I use to tell my mother, that you and I go together like little children and cardboard boxes.
Imagination meeting creativity and a will to make the most out of any circumstance.
I use to tell my mother that if the world offered us cardboard, we will give them castles; a fortress for every cube, a kingdom for every cuboid.
My mother said, it’s because I love boxes.
She told me that from the time I was waist high, I had a thing for spaces I can never fit into and places I didn’t belong.
Like those beloved boxes, or the wrong circles, or hearts made of cardboard.
So tell me now; what is the shape of your heart?
What sort of material is it made from?
How do I begin to fit my supposedly unwanted self into this dense vacuum?
I know that sometimes, I can be a bit stubborn; unable to bend and break at the expectation of something I cannot live up to, but how come I can never be packaged within your soul?
Ain't I precious enough to be carried as I am?
How come you can never wrap your mind around all of my fullness?
Close the lids of your contentment around me?
How come you can never contort your heart just a bit to take on the shape of my fragility with some bubble wrapped consideration?
Ain't I malleable enough?
Ain't I clay on a potter's wheel hoping to be moulded into a thing of beauty?
Maybe I wasn't ready-made enough for you.
Ain't I years of commitment and sacrifice; and mother's words saying that you don't deserve a spirit like mine?
Ain't I a good actor?
Don't I smile when I should be crying?
How come these private tears couldn't make soggy your cardboard heart with sympathy?
Is your heart made from something waterproof?
Is that the reason why I am the only one who goes under during this flood?
I am drowning while your boxed heart just stays there - floating.
I go under knowing that I can never climb in no matter how hard I tried.
Ain't I twelve years a slave to your pride, being whipped black and blue from the absence of your sorry's?
Ain't I the product of too many sorry's?
How come you ain't ever sorry?
How come you always sorry?
How come I always end up feeling like a sorry excuse after all of your sorry excuses?
Every night, I leave puzzle pieces of my love at your bedside in hopes that you'd one day build the portrait; get to see the whole picture although I came to you in jigsaw.
But I've come to realize that it's futile.

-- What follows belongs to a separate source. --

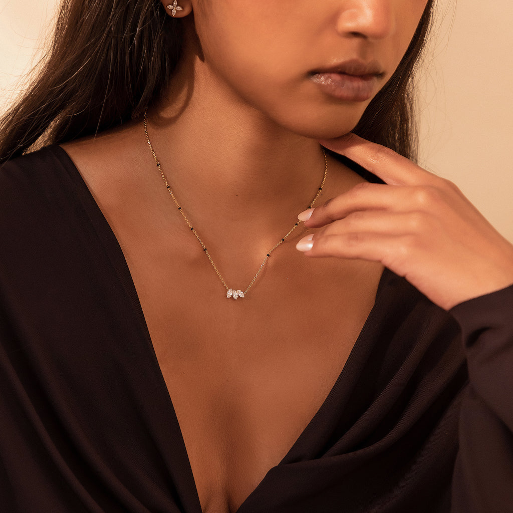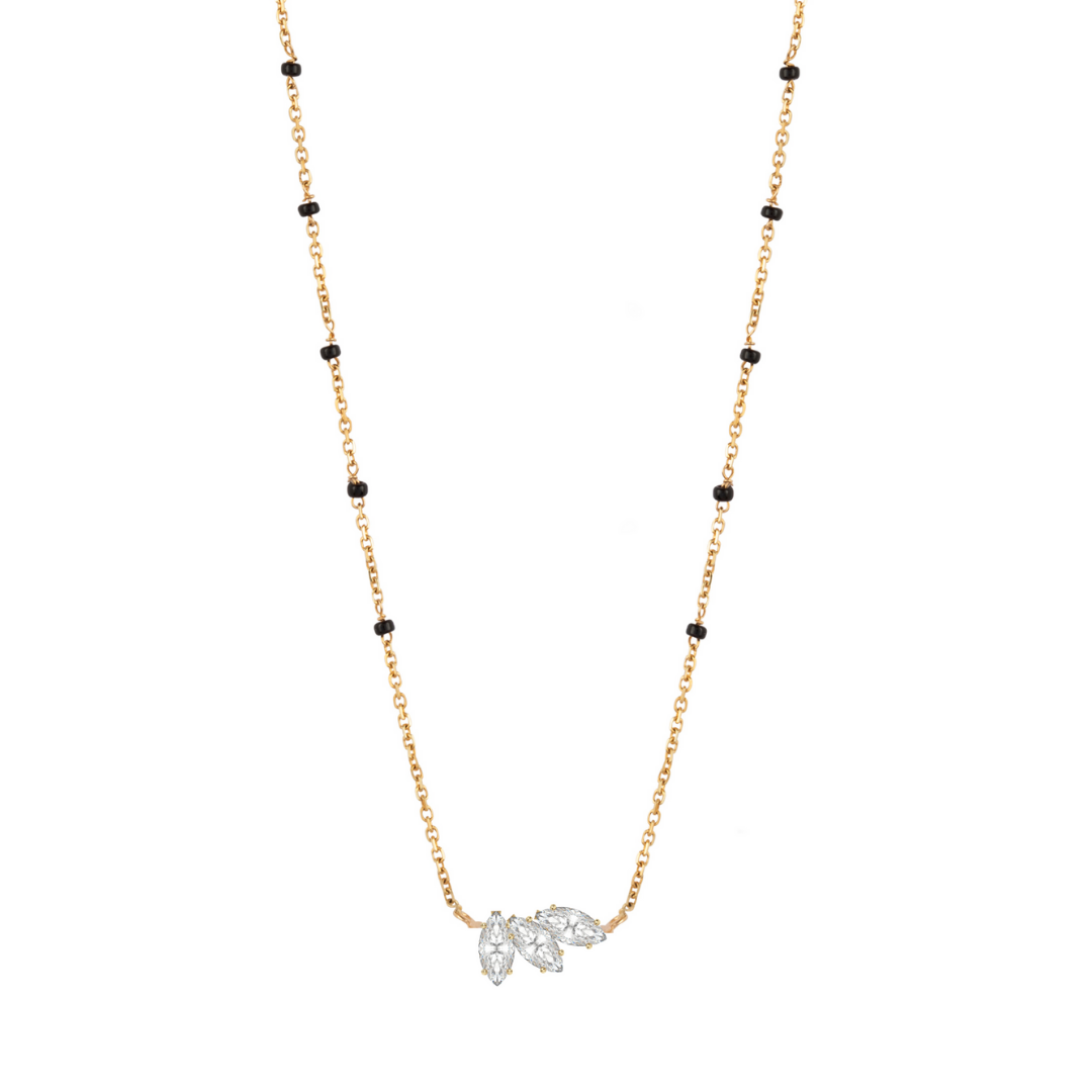 - The Vanisha Mangalsutra features three 0.25 carat lab grown marquise diamonds with a total carat weight of 1 carat.

That without the effort of imagination and a little creativity, a box will always be, just a box.
So maybe mother was right.
Maybe I do have a thing for spaces I can never fit into and places I don't belong.
Or maybe she was wrong.
Maybe I was just too much fire for you to quench.
Too much passion for your cardboard heart to hold.
Too much warm embrace for your bosom.
Whatever it may be, know that my peace is no longer yours to take.
Know that love is too wild to be boxed in anyways.